# Hard time chosing the right bike.



## PL7 (Aug 16, 2010)

Hey, I've been riding a downhill bike for 2 years now and I'm tired to drive 1h30m to the closest DH mountain so I was looking to buy a road bike to get some instant pedaling action. I've went to numerous LBS and I'm still not quite sure what I should get. I'm looking for a 1300$ price range (taxes included) for the bike only. So yeah, pretty much an entry frame with tiagra stuff. I'd be riding a bit every night or two, like for 1-3 hours. I might use it to get to work also so +20km everyday. I'd like to take it to 50km rides and even more eventually. I'm really not a racer but I like to challenge myself a lot so I'd like something that is a good mix between comfort for the longer rides and performance I guess.

So far I've found a ''Giant defy 2'', ''Trek 1.5'' and ''Louis Garneau axis 3.0'' for 1240$. A ''devinci SL3'' and an ''opus scherzo'' for 1300$. All 2010.

From what I can tell they're pretty much all the same except for the scherzo (carbon haubans/seatpost/fork and spd mountain pedals) but I've never heard/read much from opus. I'm new to the road bike world so I was wondering if there's a frame or a build that's better than another for some reason or if there was a feature I overlooked. They all look the same to me.

I also found a ''devinci CX 2009'' (new) for 1700$. Now it's 400$ over my budget but its full carbon so I was wondering if it really was worth the extra money or if I should stick with the lower budget bikes. There seems to be a war between pro carbon and pro metal frame fans so I can't say if it's really worth it. 1700$ + pedals + shoes + accessories almost adds up to 2x the initial budget I first planned so yeah... if it was REALLY worth it I would pay for it but if I'd be just as happy with an alu bike in my price range, it would save me some money.

If someone could help me sort it out, I would be VERY grateful. 

Thank you!


----------



## Ventruck (Mar 9, 2009)

At the end of the day, material won't make the difference alone, and neither will geometry (alone), so don't be quick to judge something because it's full carbon, or has "racy" geometry.

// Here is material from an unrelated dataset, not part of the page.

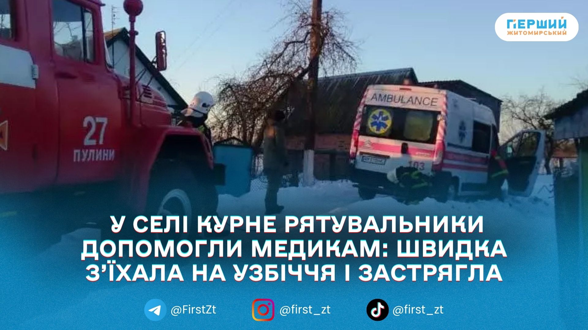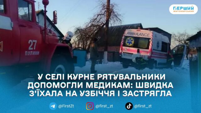 У селі Курне Житомирського району рятувальники надали допомогу медикам: автомобіль швидкої застряг на слизькому узбіччі. Про це повідомили в ГУ ДСНС у Житомирській області.

If I was more familiar with the bikes you mentioned and how they compare, I'd blurt out my opinionated answer. But for now, I'll have to leave you with "you've got to get some test rides in".


----------



## PJ352 (Dec 5, 2007)

Along with the intended uses you've offered, here IMO the key statement in your post:
_"I'd like something that is a good mix between comfort for the longer rides and performance..."_

Taking all that into consideration, I'd suggest focusing on bikes having what's called relaxed geometry, which have slightly taller heat tubes and longer wheelbase allowing for a more upright rider position and 'more predictable' steering/ handling. No matter the frame materials, these bikes will add a dose of comfort to your rides and oftentimes accomodate wider tires, which will do the same. And you'll lose next to nothing in performance when compared to a 'race' bike.

Bikes in this category would include the Giant Defy, Specialized Secteur, Felt 'Z' series, C'dale Synapse, to name a few. So visit some LBS's, get sized/ fitted and test ride some bikes. I know you said they all look and feel the same, but when you go back and ride back to back and start making comparisons, that may not hold true. One might strike your fancy, even if it's just from an aesthetic standpoint.

Last thought. While a full CF bike is nice, for a first road bike I think your price range of $1,300 is a good one. The bikes in this range offer a lot of value and will suite your purposes for a long time to come, so keep the extra few hundred for that wheelset upgrade we all succumb to.


----------



## PL7 (Aug 16, 2010)

PJ352 said:


> Along with the intended uses you've offered, here IMO the key statement in your post:
> _"I'd like something that is a good mix between comfort for the longer rides and performance..."_
> 
> Taking all that into consideration, I'd suggest focusing on bikes having what's called relaxed geometry, which have slightly taller heat tubes and longer wheelbase allowing for a more upright rider position and 'more predictable' steering/ handling. No matter the frame materials, these bikes will add a dose of comfort to your rides and oftentimes accomodate wider tires, which will do the same. And you'll lose next to nothing in performance when compared to a 'race' bike.


Yeah I'm doing a lot of reading and that's what I was wondering, where do you draw the line between the need for a performance bike or an endurance bike. Endurance bikes usually have the relaxed geometry you're talking about (which seems to be minor when you look at the numbers) which makes longer rides more comfortable. So what exactly qualifies as a long ride? are the race oriented bikes really less comfortable? Should you totally ignore the race bikes if you do not plan to do any actual races? Also, if you compare the geometry Cannondale Caad9 6 and the cannondale synapse 6, they're basically the same thing except for a millimeter here and there, is there really that much of a difference?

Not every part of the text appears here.